Aims/hypothesis: In adults, the rate of beta cell replication is normally very low, but recent evidence suggests that it may increase during insulitis. We therefore studied tissue from donors with recent-onset type 1 diabetes to establish whether islet cell proliferation is increased during the disease process.
Methods: Paraffin-embedded pancreatic sections from ten donors with recent-onset type 1 diabetes and a range of relevant controls were stained by immunohistochemical techniques with antibodies against the proliferation markers Ki67 and minichromosome maintenance protein-2 (MCM-2). A combination staining technique involving immunoperoxidase and immunofluorescence methods was developed to quantify the numbers of alpha and beta cells with Ki67-positive nuclei and to investigate the relationship between insulitis and islet cell proliferation.
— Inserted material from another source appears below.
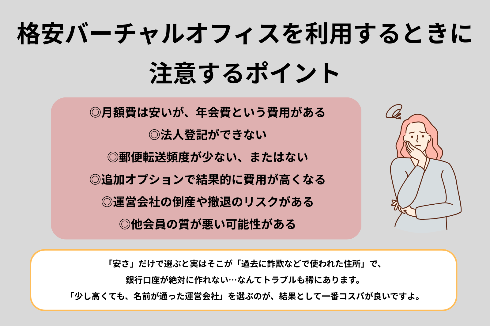 もし一つでも不安に感じたり、困るなと思うのであれば、少しグレードの高いプランにするか、通常価格帯のバーチャルオフィスで契約するようにしましょう。

Results: In non-diabetic control donors, only 1.1 +/- 0.3% (mean +/- SEM) of islets contained one or more Ki67(+) islet cells, whereas this proportion was increased markedly in recent-onset type 1 diabetes (10.88 +/- 2.5%; p < 0.005). An equivalent increase in Ki67(+) staining occurred in alpha and beta cells and was correlated positively with the presence of insulitis. A significant increase in the labelling of islet cells from type 1 diabetic donors was also seen when MCM-2 staining was employed. Increased islet cell proliferation was not evident in three donors with longer duration type 1 diabetes or in ten type 2 diabetic donors.
Conclusions/interpretation: Alpha and beta cells undergo a marked increase in proliferation during the progression of type 1 diabetes in humans. The results imply that islet cell proliferation is re-initiated in response to the autoimmune attack associated with type 1 diabetes.